Le marché du travail complique le scénario de resserrement

Le rapport mensuel sur l’emploi publié le 7 août a révélé une perte nette de 23 000 emplois dans le secteur privé en juillet, à rebours du consensus qui tablait sur la création d’environ 85 000 postes. Les chiffres de l’emploi pour mai et juin ont en outre été révisés à la baisse de 103 000 postes cumulés. Le taux de chômage, lui, est resté contenu à 4,1 %, niveau encore jugé bas par de nombreux économistes.

78

La probabilité de resserrement des taux par la Réserve fédérale en septembre est passée d’environ 78 % avant la publication du rapport à 30-35 % autour du 10 août, selon le baromètre CME FedWatch.

Le tableau reste néanmoins incertain. De nombreux analystes estiment qu’en l’absence de nouvelle dégradation marquée de l’emploi, la persistance d’une inflation au-dessus de 2 % finira par imposer au FOMC au moins une hausse supplémentaire de 25 points de base d’ici la fin de l’année.

Banques d’affaires divisées sur le calendrier de la Fed

Les grandes institutions financières ne partagent pas la même lecture de la suite du cycle monétaire. J.P. Morgan Global Research a avancé son scénario d’un relèvement de 25 points de base, désormais anticipé pour décembre. Une telle décision porterait la fourchette des Fed funds à 3,75 %–4,00 %, dans la droite ligne de la doctrine de fermeté affichée par les membres les plus hawkish du FOMC.

Astuce :

Goldman Sachs anticipe un statu quo monétaire jusqu’à la fin de l’année, en s’appuyant sur un recul progressif des prix de l’énergie et sur des gains de productivité à long terme liés à l’intelligence artificielle, qui devraient contenir les pressions inflationnistes sans resserrement supplémentaire.

Cette divergence d’analyses illustre le niveau élevé d’incertitude qui entoure la trajectoire de la politique monétaire américaine.
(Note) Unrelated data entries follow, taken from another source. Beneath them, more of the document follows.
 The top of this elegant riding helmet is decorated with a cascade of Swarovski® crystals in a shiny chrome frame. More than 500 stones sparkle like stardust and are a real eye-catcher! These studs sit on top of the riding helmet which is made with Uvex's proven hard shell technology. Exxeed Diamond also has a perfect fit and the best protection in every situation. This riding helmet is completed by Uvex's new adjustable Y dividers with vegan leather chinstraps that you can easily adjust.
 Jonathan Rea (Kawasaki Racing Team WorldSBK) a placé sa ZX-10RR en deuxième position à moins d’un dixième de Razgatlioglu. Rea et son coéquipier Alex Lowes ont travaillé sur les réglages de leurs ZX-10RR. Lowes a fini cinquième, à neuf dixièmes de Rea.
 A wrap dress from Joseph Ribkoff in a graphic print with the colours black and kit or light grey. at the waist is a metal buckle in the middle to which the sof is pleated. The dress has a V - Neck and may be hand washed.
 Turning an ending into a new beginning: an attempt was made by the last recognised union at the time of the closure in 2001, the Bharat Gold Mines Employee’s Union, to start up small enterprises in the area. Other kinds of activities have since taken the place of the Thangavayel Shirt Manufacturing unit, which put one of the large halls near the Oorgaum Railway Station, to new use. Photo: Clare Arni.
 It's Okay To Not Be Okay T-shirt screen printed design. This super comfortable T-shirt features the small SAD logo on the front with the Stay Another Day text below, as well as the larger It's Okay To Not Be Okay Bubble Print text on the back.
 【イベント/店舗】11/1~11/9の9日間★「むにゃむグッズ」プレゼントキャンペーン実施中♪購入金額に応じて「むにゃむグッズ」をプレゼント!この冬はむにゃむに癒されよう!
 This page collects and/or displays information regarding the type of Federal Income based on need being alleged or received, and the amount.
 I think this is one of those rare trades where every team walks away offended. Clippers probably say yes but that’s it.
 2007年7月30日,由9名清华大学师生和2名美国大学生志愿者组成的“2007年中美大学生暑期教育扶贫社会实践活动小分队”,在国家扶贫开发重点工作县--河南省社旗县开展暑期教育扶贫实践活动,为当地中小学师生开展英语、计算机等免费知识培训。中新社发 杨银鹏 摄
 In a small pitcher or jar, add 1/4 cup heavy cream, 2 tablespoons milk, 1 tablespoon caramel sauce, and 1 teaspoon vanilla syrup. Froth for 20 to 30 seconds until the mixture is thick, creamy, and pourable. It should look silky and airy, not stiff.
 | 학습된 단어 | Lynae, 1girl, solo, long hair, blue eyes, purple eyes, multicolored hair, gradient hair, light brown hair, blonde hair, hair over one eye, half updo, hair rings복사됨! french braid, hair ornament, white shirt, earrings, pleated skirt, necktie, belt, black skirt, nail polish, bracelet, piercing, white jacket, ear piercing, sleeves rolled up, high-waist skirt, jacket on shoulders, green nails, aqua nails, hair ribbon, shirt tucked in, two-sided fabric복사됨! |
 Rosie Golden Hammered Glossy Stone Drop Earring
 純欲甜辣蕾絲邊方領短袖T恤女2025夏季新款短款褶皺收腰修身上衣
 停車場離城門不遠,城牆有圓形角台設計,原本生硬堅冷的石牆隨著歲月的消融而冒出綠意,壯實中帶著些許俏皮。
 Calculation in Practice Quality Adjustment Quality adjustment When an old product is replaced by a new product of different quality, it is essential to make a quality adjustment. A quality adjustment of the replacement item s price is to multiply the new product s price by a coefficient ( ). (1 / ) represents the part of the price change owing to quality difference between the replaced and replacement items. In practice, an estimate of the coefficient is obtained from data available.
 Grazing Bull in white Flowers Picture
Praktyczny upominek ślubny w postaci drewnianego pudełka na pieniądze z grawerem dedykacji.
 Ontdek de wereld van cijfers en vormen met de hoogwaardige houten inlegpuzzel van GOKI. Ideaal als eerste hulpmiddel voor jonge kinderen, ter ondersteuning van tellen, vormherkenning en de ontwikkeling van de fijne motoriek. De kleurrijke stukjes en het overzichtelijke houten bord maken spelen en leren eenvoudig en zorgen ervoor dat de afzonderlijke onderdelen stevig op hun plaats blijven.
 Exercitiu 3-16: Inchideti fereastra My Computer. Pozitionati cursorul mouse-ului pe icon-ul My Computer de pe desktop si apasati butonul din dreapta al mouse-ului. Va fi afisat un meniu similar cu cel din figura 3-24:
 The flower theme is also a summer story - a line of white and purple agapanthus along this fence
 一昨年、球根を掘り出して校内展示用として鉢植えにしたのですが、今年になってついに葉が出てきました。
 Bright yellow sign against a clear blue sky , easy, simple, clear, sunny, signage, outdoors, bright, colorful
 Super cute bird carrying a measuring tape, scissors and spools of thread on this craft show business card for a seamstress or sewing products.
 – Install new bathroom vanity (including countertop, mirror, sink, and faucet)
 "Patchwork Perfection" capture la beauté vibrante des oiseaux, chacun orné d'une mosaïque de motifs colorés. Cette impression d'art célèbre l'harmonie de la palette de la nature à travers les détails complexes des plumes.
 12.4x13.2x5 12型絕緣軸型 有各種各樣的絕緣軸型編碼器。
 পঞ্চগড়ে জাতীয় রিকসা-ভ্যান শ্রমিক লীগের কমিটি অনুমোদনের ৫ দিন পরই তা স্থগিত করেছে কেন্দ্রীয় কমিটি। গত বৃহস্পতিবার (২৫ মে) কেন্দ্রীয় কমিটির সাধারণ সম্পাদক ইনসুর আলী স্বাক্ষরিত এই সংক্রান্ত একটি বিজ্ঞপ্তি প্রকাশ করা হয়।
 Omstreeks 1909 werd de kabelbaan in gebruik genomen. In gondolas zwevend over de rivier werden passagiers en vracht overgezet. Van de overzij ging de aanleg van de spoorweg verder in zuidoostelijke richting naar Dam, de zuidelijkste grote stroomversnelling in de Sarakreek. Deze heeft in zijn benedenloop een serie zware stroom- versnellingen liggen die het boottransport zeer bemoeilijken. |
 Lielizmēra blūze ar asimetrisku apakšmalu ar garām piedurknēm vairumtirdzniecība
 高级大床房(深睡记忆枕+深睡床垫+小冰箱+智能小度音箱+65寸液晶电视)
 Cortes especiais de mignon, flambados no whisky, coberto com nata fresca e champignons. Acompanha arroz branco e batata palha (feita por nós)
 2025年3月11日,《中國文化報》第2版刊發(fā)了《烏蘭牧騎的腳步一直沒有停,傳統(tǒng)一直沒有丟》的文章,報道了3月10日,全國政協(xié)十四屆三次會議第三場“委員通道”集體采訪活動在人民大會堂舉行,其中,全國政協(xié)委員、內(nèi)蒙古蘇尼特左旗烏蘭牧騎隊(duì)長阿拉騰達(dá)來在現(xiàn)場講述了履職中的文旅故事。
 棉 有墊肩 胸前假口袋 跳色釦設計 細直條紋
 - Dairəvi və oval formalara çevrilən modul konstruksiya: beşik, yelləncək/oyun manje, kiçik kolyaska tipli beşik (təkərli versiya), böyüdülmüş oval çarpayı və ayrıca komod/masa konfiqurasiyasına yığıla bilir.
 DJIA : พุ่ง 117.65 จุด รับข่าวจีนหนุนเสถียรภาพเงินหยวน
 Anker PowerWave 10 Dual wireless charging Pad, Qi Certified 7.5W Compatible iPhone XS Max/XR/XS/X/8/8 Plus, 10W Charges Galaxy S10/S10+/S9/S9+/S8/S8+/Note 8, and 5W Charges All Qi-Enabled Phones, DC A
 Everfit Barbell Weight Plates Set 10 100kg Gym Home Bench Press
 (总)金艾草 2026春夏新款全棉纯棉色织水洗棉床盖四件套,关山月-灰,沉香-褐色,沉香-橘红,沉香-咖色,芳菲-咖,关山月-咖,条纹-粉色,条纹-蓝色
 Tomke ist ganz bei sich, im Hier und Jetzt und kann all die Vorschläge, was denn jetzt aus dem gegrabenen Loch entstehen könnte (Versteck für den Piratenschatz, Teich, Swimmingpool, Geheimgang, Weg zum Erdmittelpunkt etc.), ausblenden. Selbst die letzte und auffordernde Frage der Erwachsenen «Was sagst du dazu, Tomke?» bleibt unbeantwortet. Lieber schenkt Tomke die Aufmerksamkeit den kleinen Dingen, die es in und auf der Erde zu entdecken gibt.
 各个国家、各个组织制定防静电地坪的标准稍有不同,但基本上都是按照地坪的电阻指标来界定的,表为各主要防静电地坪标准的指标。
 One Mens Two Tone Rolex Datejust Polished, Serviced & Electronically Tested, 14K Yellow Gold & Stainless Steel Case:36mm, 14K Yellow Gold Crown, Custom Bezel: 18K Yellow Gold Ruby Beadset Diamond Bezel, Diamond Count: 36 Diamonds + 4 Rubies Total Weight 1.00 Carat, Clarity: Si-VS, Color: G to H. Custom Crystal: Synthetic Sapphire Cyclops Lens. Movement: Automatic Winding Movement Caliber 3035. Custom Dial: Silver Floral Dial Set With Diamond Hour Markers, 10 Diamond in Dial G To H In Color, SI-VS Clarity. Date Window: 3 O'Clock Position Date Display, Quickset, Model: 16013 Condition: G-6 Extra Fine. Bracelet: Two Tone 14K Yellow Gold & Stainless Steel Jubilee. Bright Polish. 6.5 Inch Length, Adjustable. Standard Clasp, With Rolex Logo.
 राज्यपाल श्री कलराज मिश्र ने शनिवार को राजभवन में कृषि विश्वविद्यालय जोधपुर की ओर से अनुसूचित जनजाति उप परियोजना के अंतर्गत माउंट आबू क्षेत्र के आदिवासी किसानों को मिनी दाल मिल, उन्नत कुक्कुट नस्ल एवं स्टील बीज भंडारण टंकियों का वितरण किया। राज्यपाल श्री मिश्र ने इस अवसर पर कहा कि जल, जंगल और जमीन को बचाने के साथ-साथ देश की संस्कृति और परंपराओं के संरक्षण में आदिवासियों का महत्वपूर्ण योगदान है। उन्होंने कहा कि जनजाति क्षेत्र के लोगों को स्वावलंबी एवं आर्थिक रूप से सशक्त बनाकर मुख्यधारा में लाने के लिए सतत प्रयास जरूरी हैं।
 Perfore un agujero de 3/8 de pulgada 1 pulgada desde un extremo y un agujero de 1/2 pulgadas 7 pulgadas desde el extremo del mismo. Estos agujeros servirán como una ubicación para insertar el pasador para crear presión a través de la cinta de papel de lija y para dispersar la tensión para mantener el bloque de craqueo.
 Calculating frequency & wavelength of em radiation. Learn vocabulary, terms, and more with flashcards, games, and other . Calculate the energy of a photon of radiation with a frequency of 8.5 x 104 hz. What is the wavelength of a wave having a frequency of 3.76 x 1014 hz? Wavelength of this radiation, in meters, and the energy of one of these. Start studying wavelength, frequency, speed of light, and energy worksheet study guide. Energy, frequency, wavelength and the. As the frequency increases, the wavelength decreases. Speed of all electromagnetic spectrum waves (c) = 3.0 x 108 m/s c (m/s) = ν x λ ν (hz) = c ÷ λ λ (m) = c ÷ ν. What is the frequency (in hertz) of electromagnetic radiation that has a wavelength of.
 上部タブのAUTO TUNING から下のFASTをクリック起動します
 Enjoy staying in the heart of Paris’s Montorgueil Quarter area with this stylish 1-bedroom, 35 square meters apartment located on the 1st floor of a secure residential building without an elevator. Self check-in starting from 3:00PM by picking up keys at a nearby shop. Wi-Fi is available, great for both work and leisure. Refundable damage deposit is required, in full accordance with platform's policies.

Dans un contexte de dollar fort et de taux US élevés, les économies émergentes subissent par ailleurs un regain de pression, les flux de capitaux favorisant les placements de trésorerie de court terme aux États-Unis au détriment des marchés émergents.

Une Fed en pleine refonte stratégique

Au-delà des décisions de court terme sur les taux, Kevin Warsh a engagé une réflexion de fond sur le cadre d’action de la Fed. Cinq « Task Forces » indépendantes ont été créées pour examiner la communication, la gestion du bilan, les sources de données, la productivité et le cadre d’analyse de l’inflation. Leurs conclusions sont attendues d’ici la fin de l’année et pourraient déboucher sur une redéfinition plus profonde de la stratégie monétaire américaine.

Attention :

La combinaison d’une inflation supérieure à la cible, d’un marché du travail qui se fragilise et d’une communication plus opaque entretient la pression pour un resserrement supplémentaire, tout en augmentant le risque de faux pas. Les prochaines données d’inflation et d’emploi, ainsi que la réunion de septembre, seront décisives pour trancher entre statu quo et nouveau tour de vis.